Hairs develop during the fetal period as proliferations of the stratum germinativum of the epidermis growing into the underlying dermis. The tip of the hair bud becomes a hair bulb and is soon invaginated by the mesenchymal hair papilla in which the vessels and nerve endings develop (Fig. 4.2A, B). The epidermal cells in the centre of the hair bud become keratinized to form the hair shaft, and the surrounding mesenchymal cells differentiate into the dermal root sheath (Fig. 4.2C). Small bundles of smooth muscle fibres called arrector pili muscles develop in the mesenchyme and are attached to the dermal sheath (Fig. 4.2C). Most sebaceous glands develop as buds from the side of the epithelial root sheath growing into the dermis; these glands produce an oily secretion that lubricates the hair and skin.
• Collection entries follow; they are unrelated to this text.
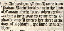 7 And as for me, when I came from *Padan, Rachel died by me in the land of Canaan, in the way, when yet there was but a little way to come vnto Ephrath: and I buried her there in the way of Ephrath, the same is Bethlehem. [ * Gen.35. 19. ]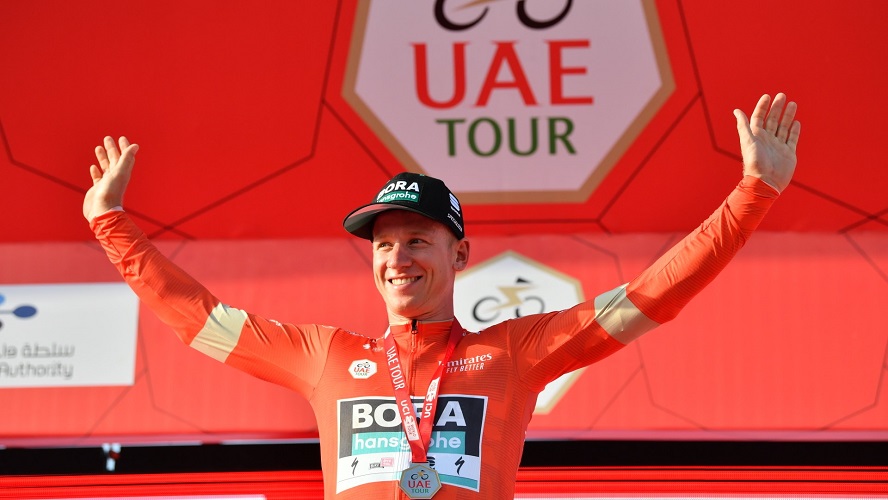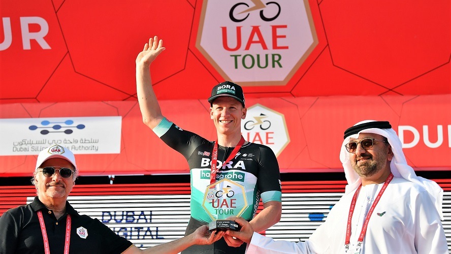German sprinter Pascal Ackermann has won the 2020 UAE Tour Stage 1, the Dubai Silicon Oasis Stage (DSO 148 km), in its second edition, ahead of Caleb Ewan and Rudy Barbier. Pascal Ackermann is the leader of the General Classification and was awarded the Red Jersey and the Green Jersey.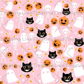 Halloween,Ghost,Pumpkin,Candy,Black Cat,Skull,Retro,Pink Background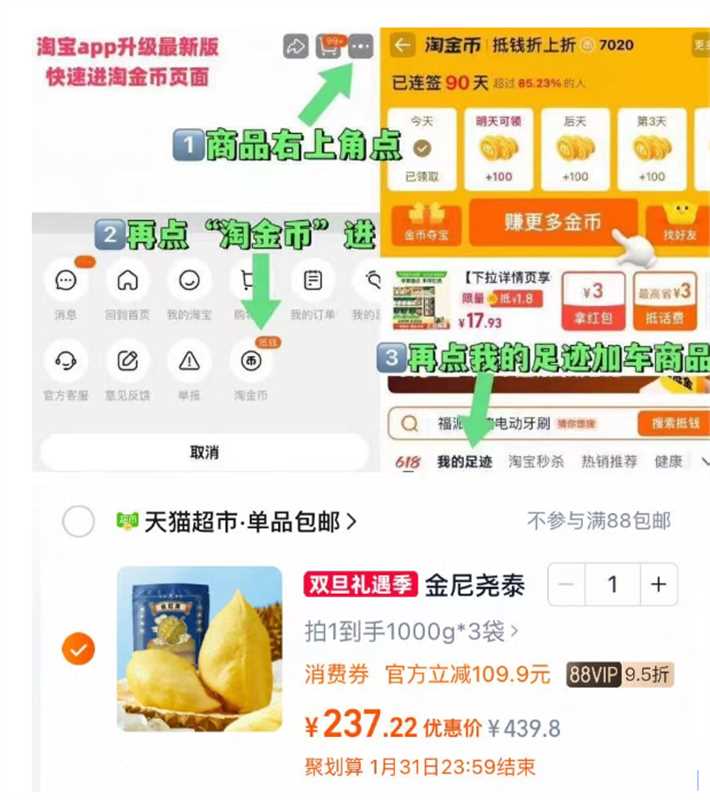 商品右上角3个点,选淘金币

The sweat glands develop as epidermal buds into the underlying dermis which become coiled to form the secretory part of the glands (Fig. 4.2C).
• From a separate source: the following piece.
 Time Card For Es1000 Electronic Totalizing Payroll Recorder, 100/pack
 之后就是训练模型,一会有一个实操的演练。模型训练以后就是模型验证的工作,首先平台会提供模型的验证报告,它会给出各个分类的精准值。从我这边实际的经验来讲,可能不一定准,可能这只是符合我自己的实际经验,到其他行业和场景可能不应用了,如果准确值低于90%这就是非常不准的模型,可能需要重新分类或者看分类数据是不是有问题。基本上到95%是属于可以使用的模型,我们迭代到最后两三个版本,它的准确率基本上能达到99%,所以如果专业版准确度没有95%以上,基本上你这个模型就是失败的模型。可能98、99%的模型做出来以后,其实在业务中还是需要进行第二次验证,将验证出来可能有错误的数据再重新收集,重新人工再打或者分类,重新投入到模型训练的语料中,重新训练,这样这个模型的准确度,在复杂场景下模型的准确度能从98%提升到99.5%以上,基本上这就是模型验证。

Fig. 4.2 Development of the hair, arrector pili muscle, sebaceous and sweat glands at (A) 14 weeks, (B) 24 weeks and (C) in the newborn.

Mammary glands and teeth

The mammary glands arise from a pair of epidermal thickenings called mammary ridges which appear in both sexes during the fourth week from the axilla to the inguinal region (Fig. 4.3A). Normally these ridges disappear except in the pectoral region where breasts develop, but part of the mammary ridges may persist to form an extra breast (polymastia) or supernumary breasts and nipples (Fig. 4.3A). The breast develops from a primary mammary bud which gives rise to several secondary buds that form the lactiferous ducts and their branches. The buds branch throughout the fetal period, become canalized and open into a small depression called the mammary pit of the nipple (Fig. 4.3B, C).

Fig. 4.3 Development of the mammary glands in (A) showing the location of the mammary ridges and common formation sites of supernumerary breasts and nipples at (B) 7 weeks and (C) 8 months.

The teeth develop as tooth buds from the epithelial lining of the oral cavity along a U-shaped epidermal ridge called the dental lamina along the curves of the upper and lower jaws. The ectodermal tooth bud grows into the neural crest-derived mesenchyme, and passes through a ‘cap’ and a ‘bell’ stage. The enamel is produced by ameloblasts which are derived from the ectoderm; the underlying dentin and other tissues are derived from the mesenchyme and neural crest cells.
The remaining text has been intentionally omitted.